Boosting Inference Speed: SSD and GPU Acceleration

November 30, 2023 - 3 mins read

Author: See Hiong

In the relentless pursuit of optimal disk space and lightning-fast inference speeds, I embarked on an exciting upgrade journey by integrating the formidable Lexar NM790 M.2 2280 PCIe SSD. This blog post unfolds in two parts: the first chronicles the meticulous migration of my Windows 11 to this powerhouse SSD, while the second unveils the secrets behind the enhanced inferencing speed for the Langchain4j application.

Part 1: Seamless OS Migration with Clonezilla

Amidst a sea of software promising seamless disk cloning, I found solace in the reliability of Clonezilla, a robust open-source tool for disk imaging and cloning.

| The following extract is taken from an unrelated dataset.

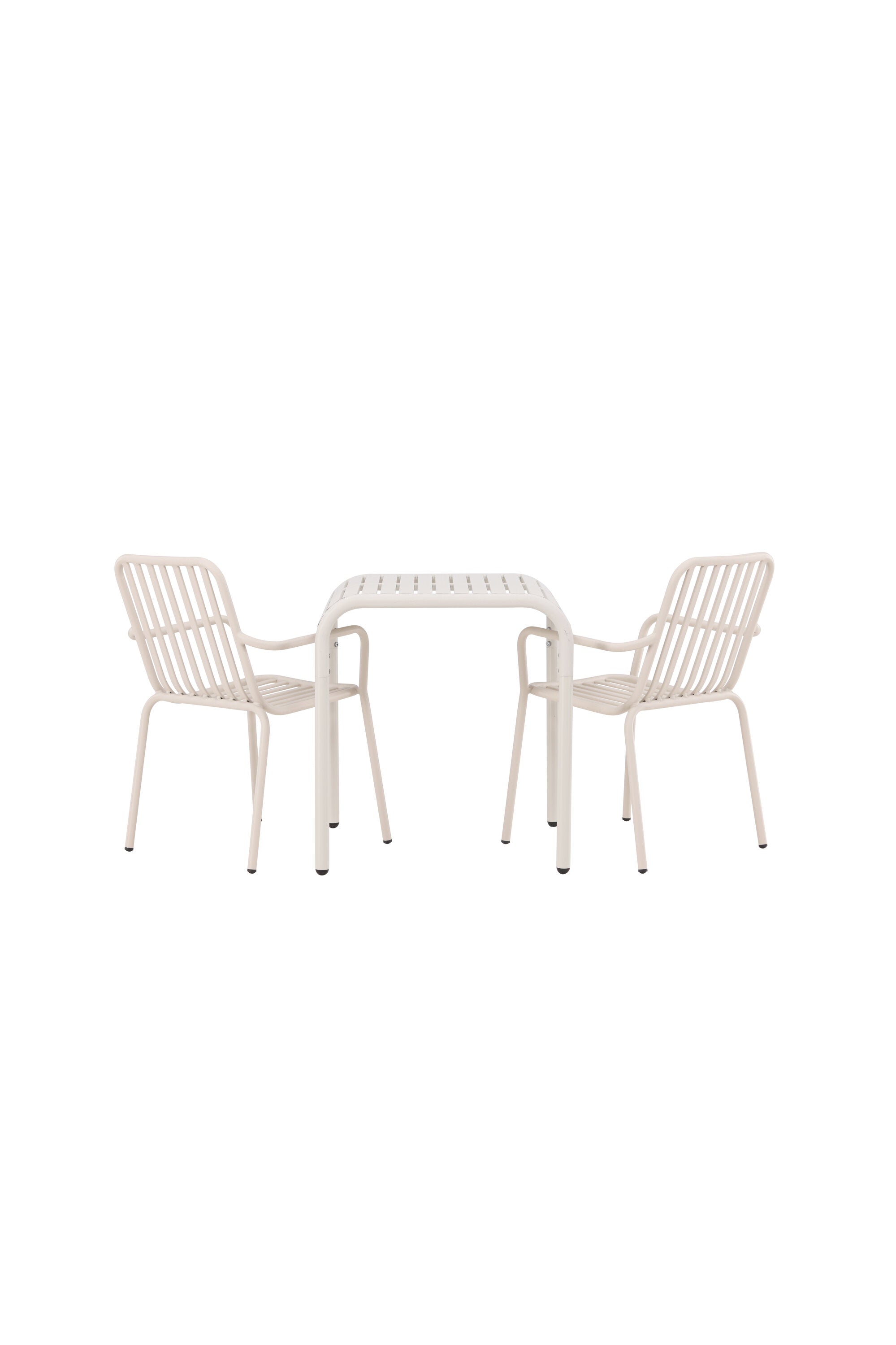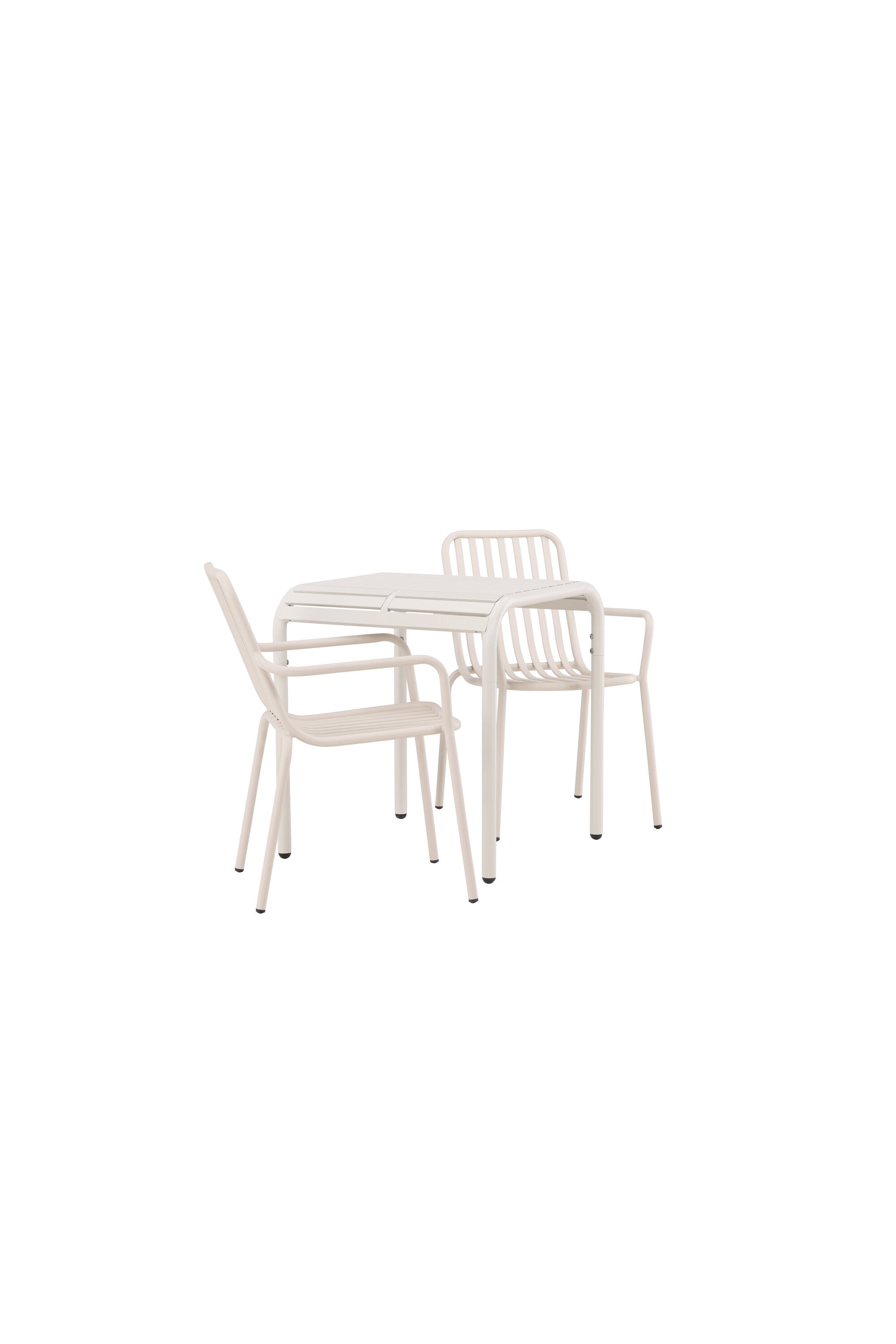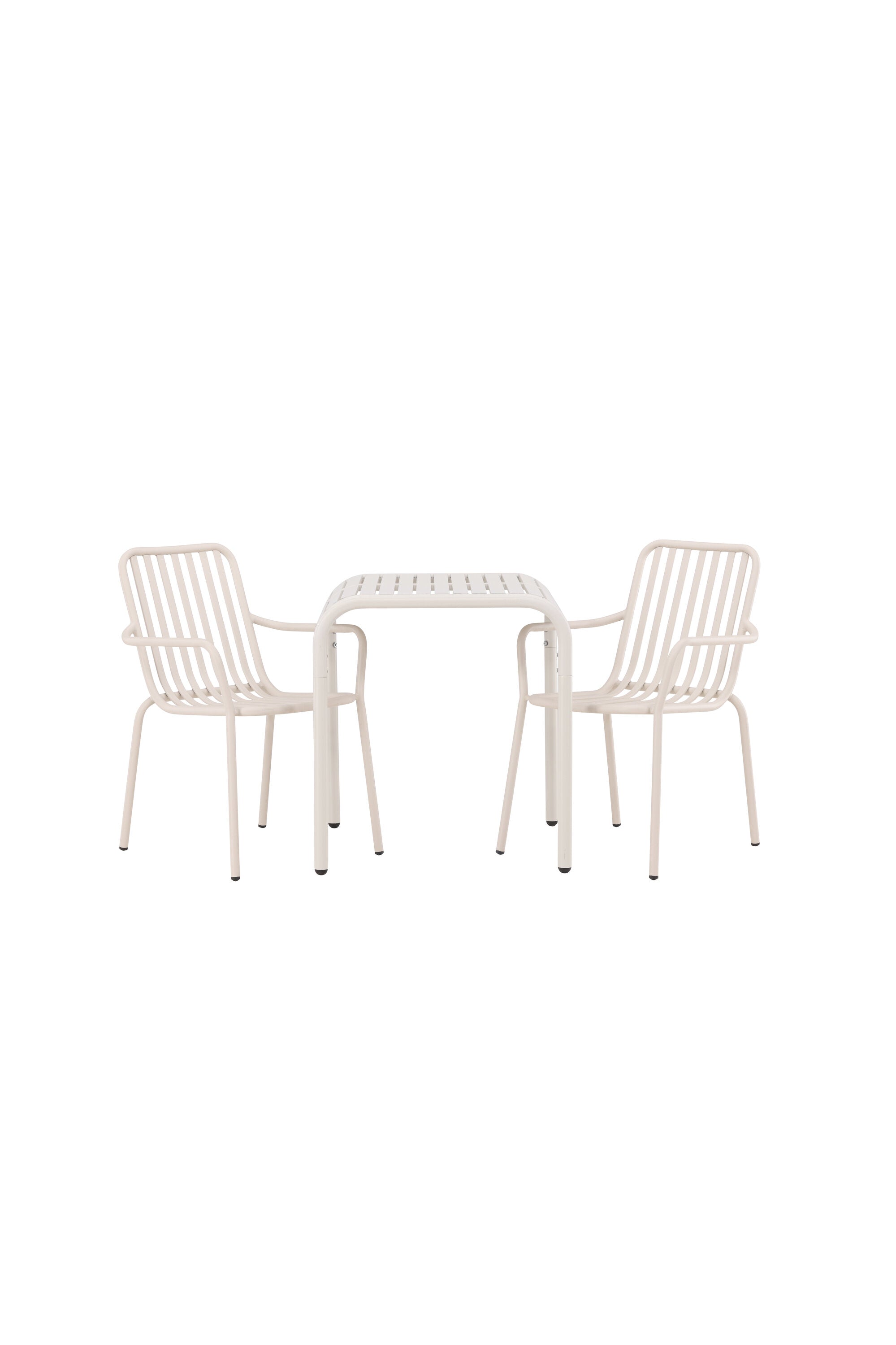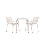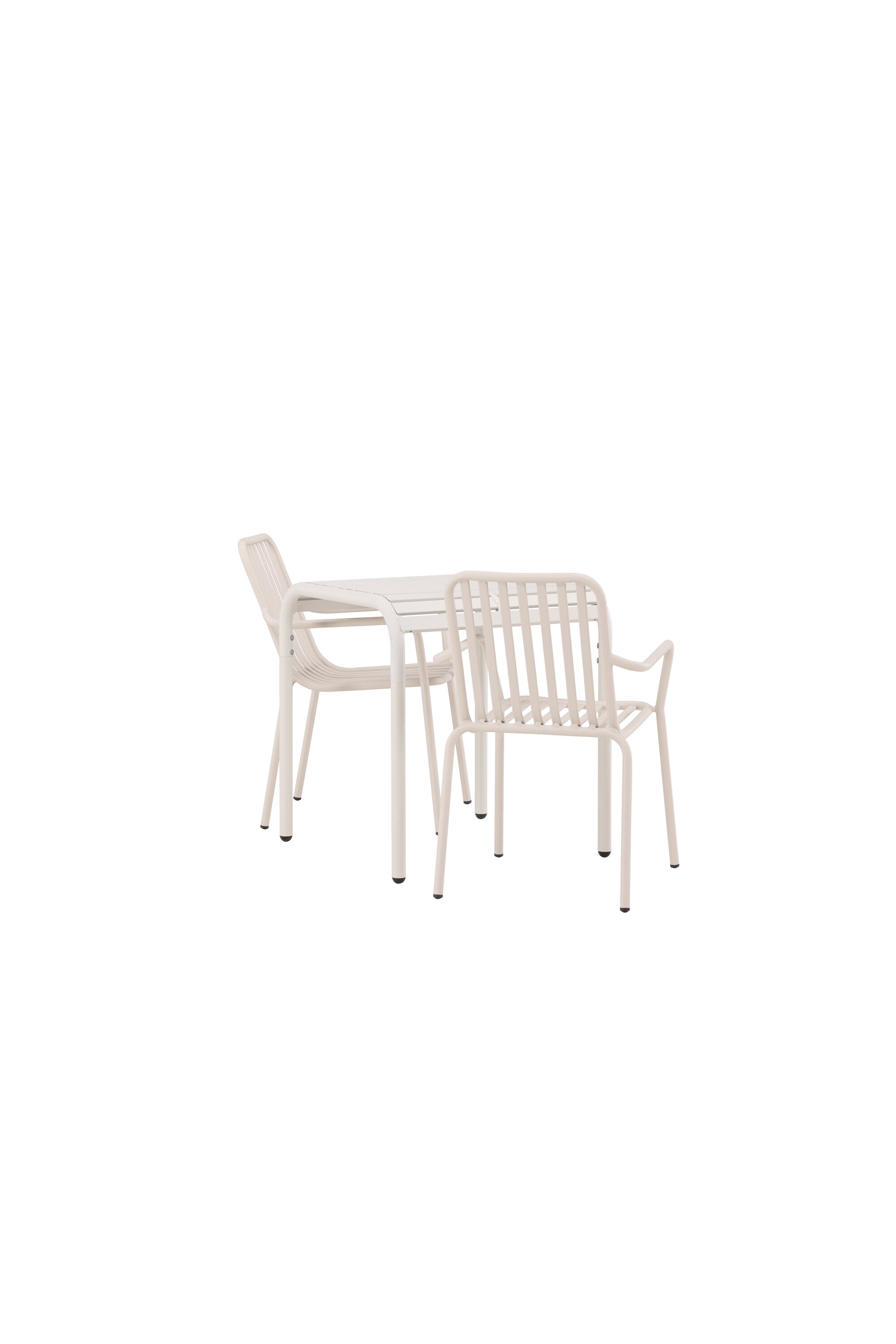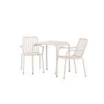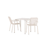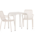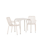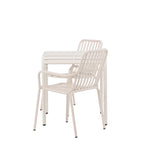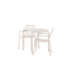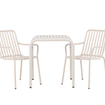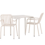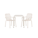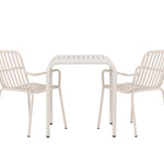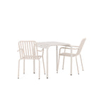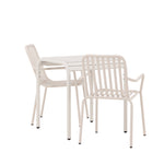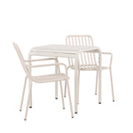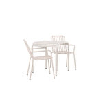 Stylová a příjemná kavárenská skupina, která vyzařuje šarm! Stůl ze série Borneo má nadčasový skandinávský design. Deska stolu je žebrovaná a podél okrajů se vlní u nohou. Vše dohromady vyrobeno z béžového hliníku, což vám poskytuje odolný stůl, který lze snadno přemisťovat. Zde ve stylové kombinaci se 2 jídelními židlemi ze série Beijing. Žebrovaný design v hliníku a lichotivá béžová barva působí, že židle působí moderně a nadčasově. Užijte si letošní letní oběd venku! Rozměry stolu: 70 x 70 cm.

After securely installing the Lexar SSD into slot 2 of my PC, I tapped into the power of Clonezilla. Following the Clone your SSD or Hard Drive guide, I navigated through the process, opting for the -k1 option to create a proportional partition table.

The result? A seamlessly cloned SSD, now the master boot, offering a tangible boost in inferencing speed as all my LLM models found their new home on this high-performance SSD.

Part 2: GPU Acceleration Unleashed

Step 1: Installing CUDA for Windows

My journey continued with the installation of CUDA for Microsoft Windows. Armed with the NVIDIA CUDA Toolkit, I confirmed the successful installation using two simple PowerShell commands: nvcc –version and nvidia-smi.

nvidia-cuda-compiler

nvidia-smi

Step 2: NVIDIA Container Toolkit Magic

The next leg of this GPU odyssey involved the installation of the NVIDIA Container Toolkit. Delving into the realm of Windows Subsystem for Linux (WSL), I executed a series of commands to seamlessly integrate this toolkit into my environment.

# Setting up the APT repository and configuring it
curl -fsSL https://nvidia.github.io/libnvidia-container/gpgkey | sudo gpg --dearmor -o /usr/share/keyrings/nvidia-container-toolkit-keyring.gpg \
  && curl -s -L https://nvidia.github.io/libnvidia-container/stable/deb/nvidia-container-toolkit.list | \
    sed 's#deb https://#deb [signed-by=/usr/share/keyrings/nvidia-container-toolkit-keyring.gpg] https://#g' | \
    sudo tee /etc/apt/sources.list.d/nvidia-container-toolkit.list \
  && \
    sudo apt-get update

# install the NVIDIA container toolkit package
sudo apt-get install -y nvidia-container-toolkit

Configuring Docker for this newfound power involved a few more commands:

# Configuring containter runtime
sudo nvidia-ctk runtime configure --runtime=docker

# Restarting docker daemon
sudo systemctl restart docker

# If docker.service is not found, you may reinstall and reconfigure runtime
sudo apt-get --reinstall install docker.io

From the Docker Desktop settings, I ventured into extra configurations, applied the changes, and restarted:

  "default-runtime": "nvidia",
  "runtimes": {
    "nvidia": {
      "path": "/usr/bin/nvidia-container-runtime",
      "runtimeArgs": []
    }
  }

docker-engine-settings

The grand test unfolded with a sample workload command:

sudo docker run --rm --runtime=nvidia --gpus all nvidia/cuda:11.6.2-base-ubuntu20.04 nvidia-smi

sample-workload-with-docker

Be vigilant! Without the Docker Desktop setting, you might encounter the ominous error depicted below:

The Grand Finale

Bringing it all together, the magic command to launch the LocalAI image in a GPU Docker container was unveiled:

docker run -p 8080:8080 -v c:/local-ai-models:/models -ti --rm quay.io/go-skynet/local-ai:v1.40.0-cublas-cuda12 --models-path /models --context-size 2000 --threads 8 --debug=true

local-ai-gpu-docker-container

And behold, as we queried using the WizardLM model, the GPU acceleration became apparent, turning our tech realm into a high-speed universe.

local-ai-gpu-docker-model-loaded

Comparing it to the past, the results spoke for themselves—our inference speed had ascended to new heights!

local-ai-gpu-docker-inference-speed-improved

Parting Thoughts

In this journey, we’ve showcased the synergy of SSD storage and GPU acceleration, breathing life into the WizardLM model and witnessing a remarkable surge in inference speed. A testament to the relentless pursuit of tech optimization, this transformation opens new doors for Langchain4j enthusiasts, inviting you to explore the boundless possibilities of elevated performance. Elevate your tech game; dive into the future with Langchain4j and redefine what’s possible!